Ce tableau illustre une asymétrie nette dans le traitement des deux infractions. Le feu rouge est considéré comme plus dangereux par le législateur, ce qui justifie une pénalité plus lourde. La possibilité de détection automatique via les radars feux rouges, déployés dans les grandes agglomérations françaises depuis le début des années 2000, renforce aussi l’exposition des conducteurs à ce type de verbalisation.

Contester une infraction : ce que permet réellement la procédure

Recevoir un avis de contravention ne signifie pas automatiquement devoir payer. La contestation d’une infraction routière est un droit, encadré par des délais stricts. Pour une contravention constatée par radar automatique, le conducteur dispose de 45 jours à compter de l’envoi de l’avis pour contester ou désigner un autre conducteur responsable.

La contestation doit être adressée à l’officier du ministère public compétent, accompagnée de pièces justificatives. Pour un feu rouge flashé par radar, les éléments contestables incluent la lisibilité du cliché, la calibration du radar, ou encore une erreur sur l’identité du véhicule. Pour un stop verbalisé par un agent, la contestation repose souvent sur la version des faits du conducteur face à celle de l’agent verbalisateur.

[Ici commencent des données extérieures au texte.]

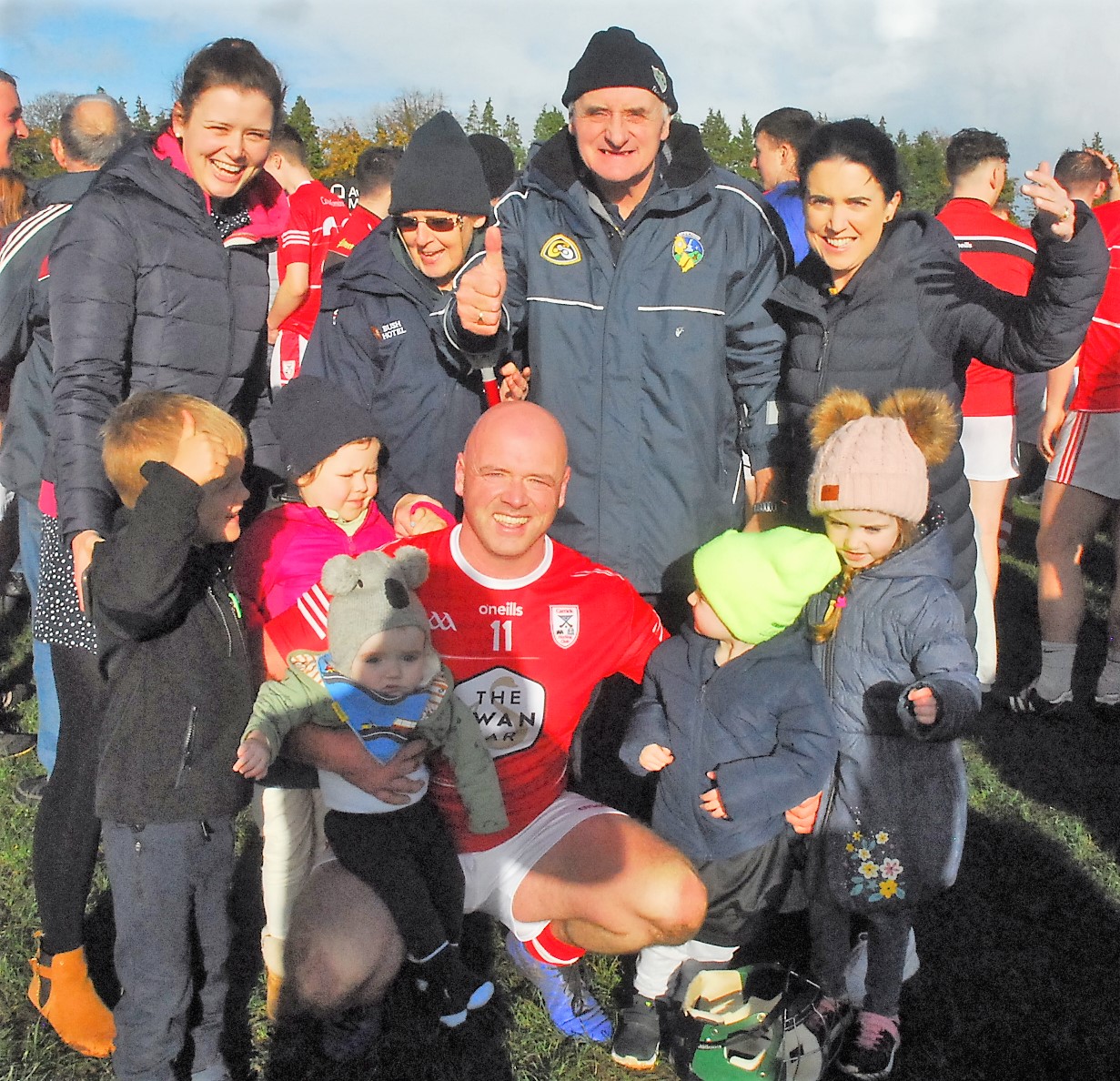 A delighted Clement Cunniffe pictured with his family after Carrick-on-Shannon's dramatic victory last Sunday against Cluainin in the Senior Hurling Final Picture: Willie Donnellan

La charge de la preuve varie selon le mode de constatation. Un procès-verbal d’agent fait foi jusqu’à preuve du contraire, ce qui place le conducteur dans une position délicate. Un avis de contravention automatisé peut être contesté avec plus de latitude technique. Dans les deux cas, l’assistance d’un avocat spécialisé en droit routier améliore sensiblement les chances de succès, notamment pour identifier les vices de procédure.

Attention : contester une infraction sans payer l’amende consignée préalablement est une erreur fréquente. Le Code de procédure pénale impose, dans certains cas, le versement d’une consignation égale au montant de l’amende forfaitaire avant que la contestation soit recevable. Omettre cette étape entraîne le rejet automatique du recours, sans examen au fond.

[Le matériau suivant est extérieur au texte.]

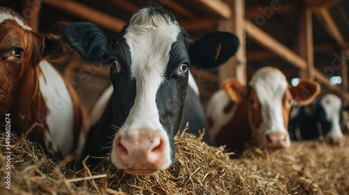 Cows grazing on hay in a rustic barn, a serene pastoral moment of rural tranquility.

Quand la récidive et les circonstances aggravent la donne

La récidive modifie radicalement le traitement juridique de ces deux infractions. Un conducteur qui grille un feu rouge pour la deuxième fois dans l’année s’expose à une amende pouvant atteindre 750 euros et à une possible suspension de permis, décidée par le préfet. La récidive pour un stop suit le même mécanisme, avec des plafonds d’amende identiques pour les contraventions de 4e classe récidivées.

Les circonstances aggravantes jouent aussi un rôle. Griller un feu rouge à grande vitesse, en état d’ivresse ou en causant un accident peut transformer la contravention en délit routier, relevant alors du tribunal correctionnel. Les peines encourues deviennent alors bien plus sévères : emprisonnement, annulation du permis, interdiction de le repasser pendant plusieurs années.

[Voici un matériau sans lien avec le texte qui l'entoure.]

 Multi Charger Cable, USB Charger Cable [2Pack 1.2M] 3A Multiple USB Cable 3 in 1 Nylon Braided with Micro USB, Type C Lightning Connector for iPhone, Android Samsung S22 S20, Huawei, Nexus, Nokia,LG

Pour un stop, le même glissement vers le pénal est possible si l’infraction a causé un accident corporel. Dans ce cas, la qualification retenue sera souvent celle de blessures involontaires aggravées par une violation délibérée d’une obligation de sécurité. Le fait d’avoir ignoré un stop devient alors un élément constitutif de l’infraction pénale, et non plus une simple contravention administrative.

Le solde de points restant sur le permis conditionne aussi la gravité pratique de chaque infraction. Un conducteur avec 5 points peut absorber la perte liée à un stop sans risquer l’invalidation de son permis. En revanche, la perte de 4 points pour un feu rouge grillé peut, dans certaines configurations, provoquer l’invalidation immédiate du titre de conduite. Seul un professionnel du droit peut évaluer précisément cette exposition au regard de la situation individuelle du conducteur.